Sunday, November 11, 2007

Shadow Divers


I'm reading a book that my buddy Larry suggested I read. It's a book about two deep sea divers that search for mystery wreckage's. The two men are Richie Kohler and John Chatterton. In the chapter "John Chatterton", it describes his life growing up and the time he spent in the Vietnam War. It talks about the life lessons he learned during his stint. There is one part that he describes as his beliefs. I thought they were really thought provoking and thought they were necessary to share.

From Shadow Divers pages 84 and 85:

-If an undertaking was easy, someone else already would have done it.

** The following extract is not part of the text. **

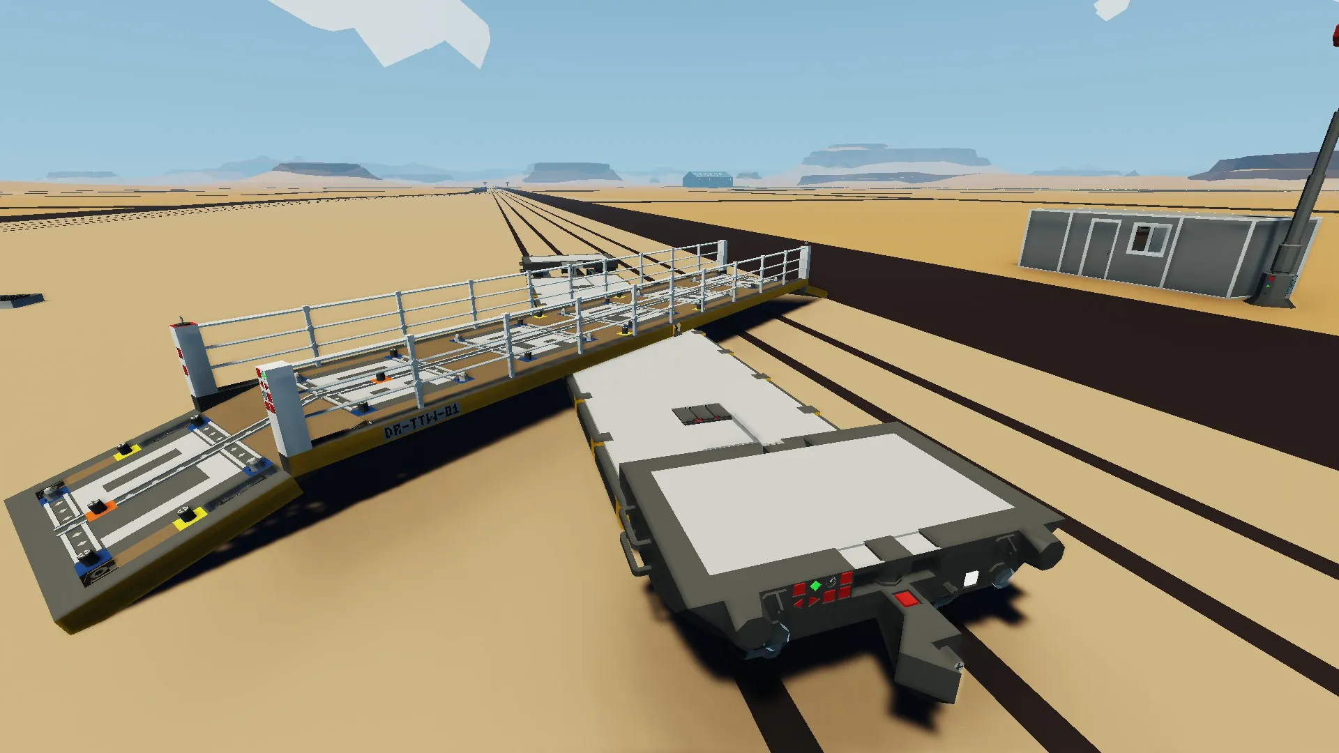 [*] Ensure train brakes are on and that the turntable wagon is on even/level ground

-If you follow in another's footsteps, you miss the problems really worth solving.

-Excellence is born of preparation, dedication, focus, and tenacity; compromise on any of these and you become average.
-Every so often, life presents a great moment of decision, an intersection at which a man must decide to stop or go; a person lives with these decisions forever.

-Examine everything; not all is as it seems or as people tell you.

-It is easiest to live with a decision if it is based on an earnest sense of right and wrong.

-The guy who gets killed is often the guy who got nervous. The guy who doesn't care anymore, who has said "I'm already dead--the fact that I live or die is irrelevant and the only thing that matters is the accounting I give of myself," is the most formidable force in the world.

-The worst possible decision is to give up.